PREFIX imdb: <http://data.linkedmdb.org/resource/movie/>
PREFIX dcterms: <http://purl.org/dc/terms/>
PREFIX dbpo: <http://dbpedia.org/ontology/>
PREFIX rdfs: <http://www.w3.org/2000/01/rdf-schema#>

SELECT ?birthDate ?spouseName ?movieTitle ?movieDate {
  { SERVICE <http://dbpedia.org/sparql>
    { SELECT ?birthDate ?spouseName WHERE {
        ?actor rdfs:label "Arnold Schwarzenegger"@en ;
               dbpo:birthDate ?birthDate ;
               dbpo:spouse ?spouseURI .
        ?spouseURI rdfs:label ?spouseName .
        FILTER ( lang(?spouseName) = "en" )
      }
    }
  }
  { SERVICE <http://data.linkedmdb.org/sparql>
    { SELECT ?actor ?movieTitle ?movieDate WHERE {
      ?actor imdb:actor_name "Arnold Schwarzenegger".
      ?movie imdb:actor ?actor ;
             dcterms:title ?movieTitle ;
             dcterms:date ?movieDate .
      }
    }
  }
}

You can run this query yourself at the sparql.org RDF Query Demo page.

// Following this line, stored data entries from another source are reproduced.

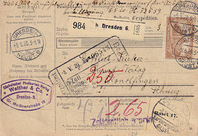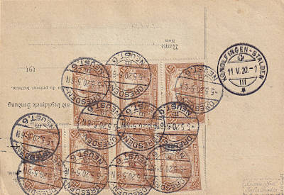 Auslandspaketkarte (4 000 g) vom 05.05.1920 (4. Periode) frankiert mit 8 Marken a 1,50 Mark (=12 Mark) |
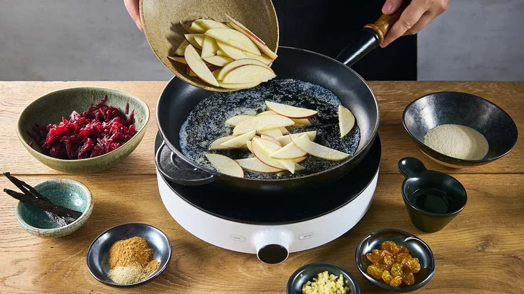1 vařená červená řepa – 1 jablko – 40 g rozinek – 40 g másla – 40 ml Kikkoman Mirin sladké dochucovadlo – 30 ml Kikkoman Sójová omáčka přirozeně fermentovaná tekuté ochucovadlo – 1 špetka mleté skořice – 1 špetka mletého kardamomu – 1 polévková lžíce vanilkového extraktu – 1 čajová lžička zázvoru – 40 g krupice
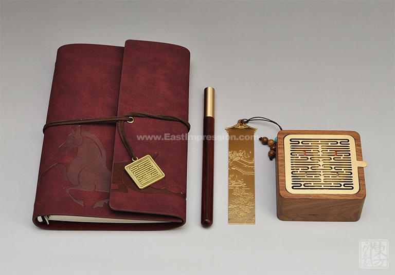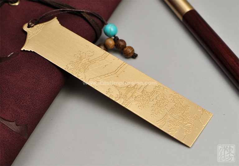 书签外形纤巧修长,顶部取江南民居“马头墙”的优美线条,以浮雕如意云纹装点。
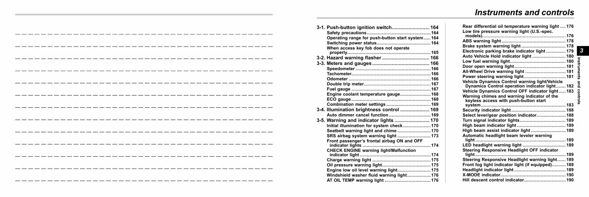 Steering Responsive Headlight warning light...... 189 Front fog light indicator light( if equipped).......... 189 Headlight indicator light..................................... 189 X-MODE indicator............................................... 190 Hill descent control indicator.............................. 190
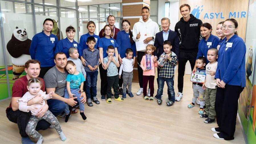 Джокович, Алькарас, Медведев и Оже-Альяссим посетили аутизм-центр в Астане
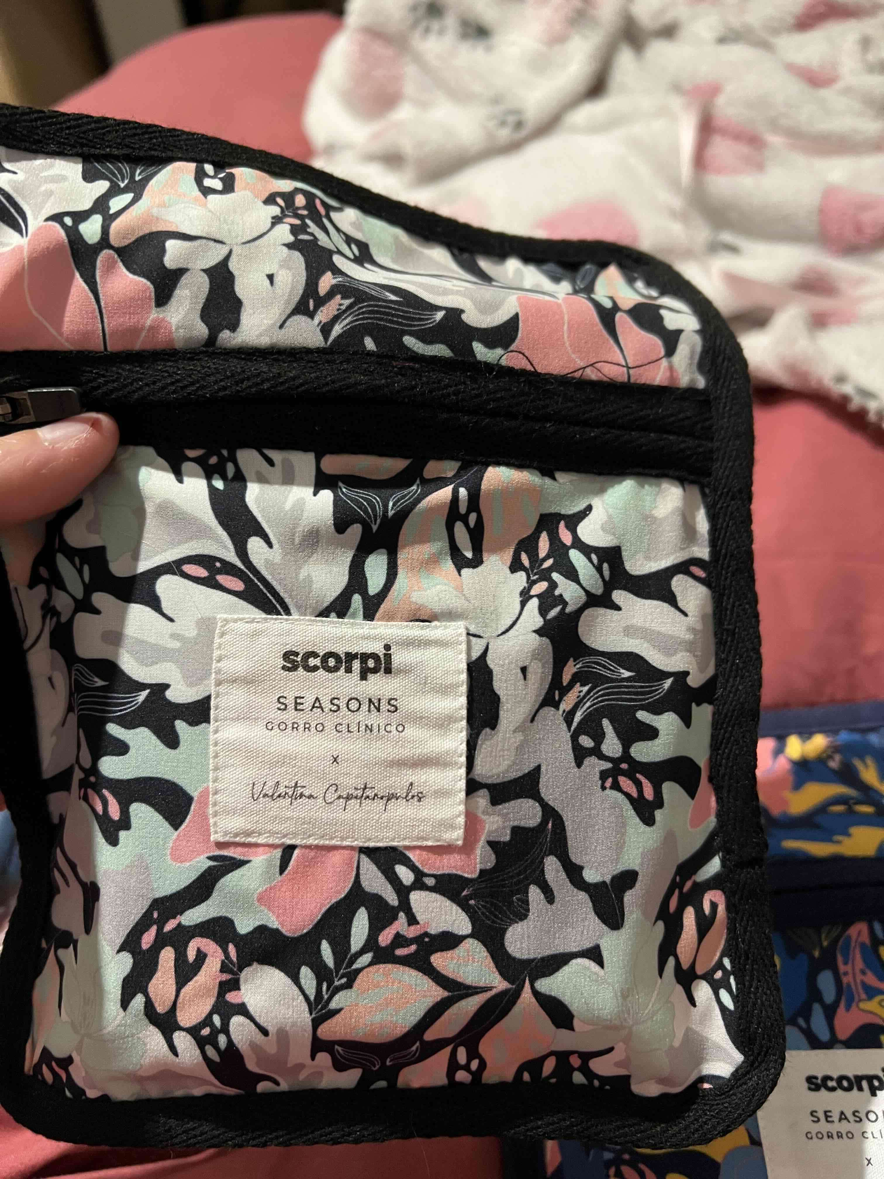 Gorro clínico colorido de Scorpi Seasons. Ideal para profesionales de la salud. Sin uso.
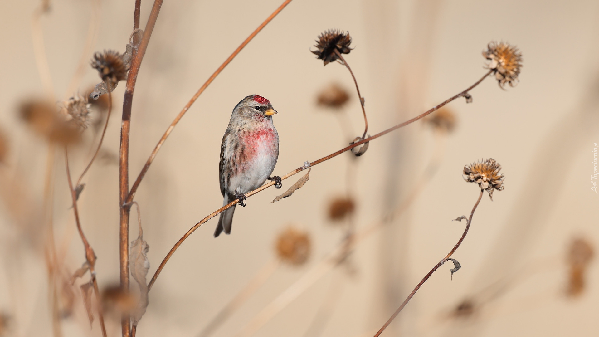 Edytor tapety: Czeczotka zwyczajna na suchej roślinie
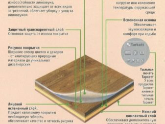 Die Aufteilung von Linoleum in Typen hängt vom Material der Herstellung, der Verschleißfestigkeit und der Struktur ab.

Before you start modeling your own queries on this, it's worth reading the Jena documentation page mentioned above, especially the "Performance Considerations" part:

This feature is a basic building block to allow remote access in the middle of a query, not a general solution to the issues in distributed query evaluation. The algebra operation is executed without regard to how selective the pattern is. So the order of the query will affect the speed of execution. Because it involves HTTP operations, asking the query in the right order matters a lot. Don't ask for the whole of a bookstore just to find book whose title comes from a local RDF file - ask the bookshop a query with the title already bound from earlier in the query.

As an example, both subqueries above specifically ask for information about Schwarzenegger instead of trying to scan the complete databases looking for matches.

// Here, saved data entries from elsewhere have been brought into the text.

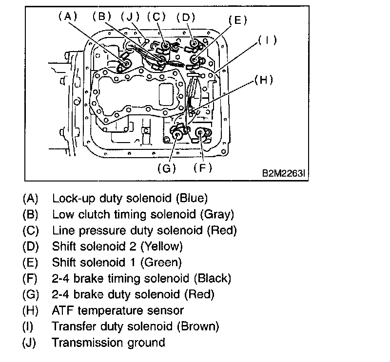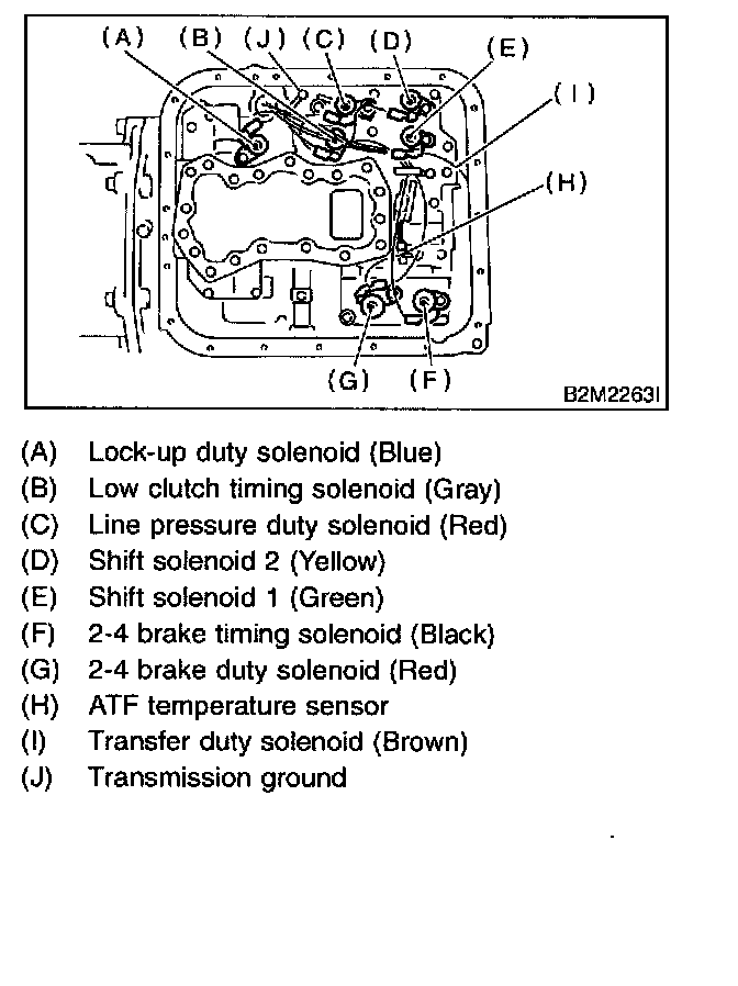19. Disconnect duty solenoids and ATF temperature sensor connectors. Remove connectors from clip and disconnect connectors.
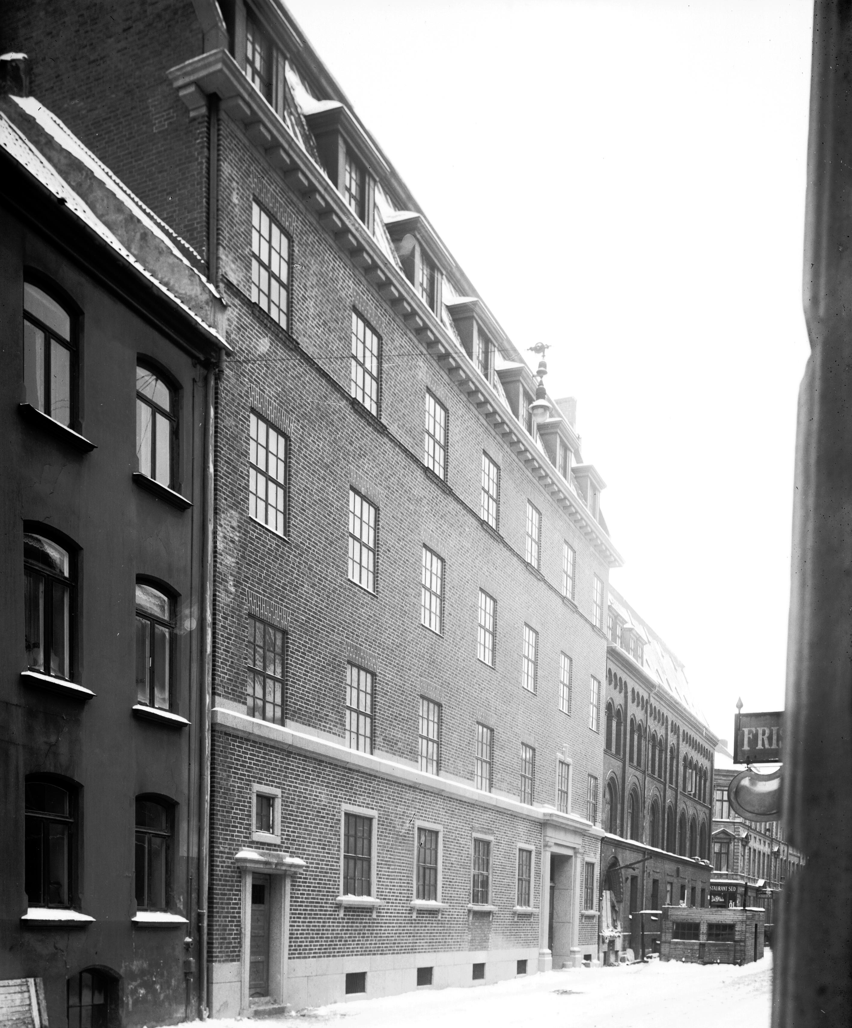 - Västergatan med Tobaksmonopolet (Kockums tobaksfabrik på Mäster Johansgatan 4), exteriörbild.
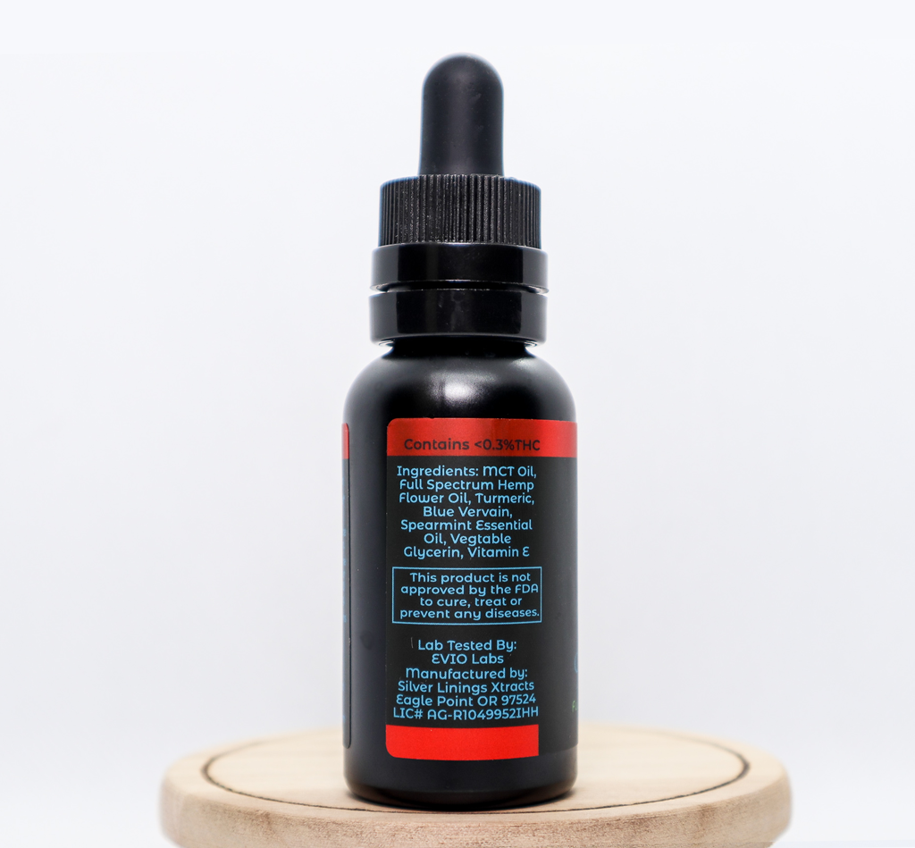 Convenient and portable 30 mL tincture bottle, Sourced from non-GMO industrial hemp grown on our farm in Southern Oregon using natural and sustainable farming practices, Extracted from select hand harvested naturally dried CBD Hemp flower only.

Two parts of this trick are non-standard SPARQL, but may become part of SPARQL 1.1: subqueries and the SERVICE keyword. As the latter Lee Feigenbaum slide points out, the SPARQL Working Group is using ARQ's SERVICE keyword as a starting point in thinking about how a query can target multiple endpoints.

My query above of the two different SPARQL endpoints also works from within TopQuadrant's TopBraid Suite of products, so I'm sure I'll be using this on work-related projects more and more.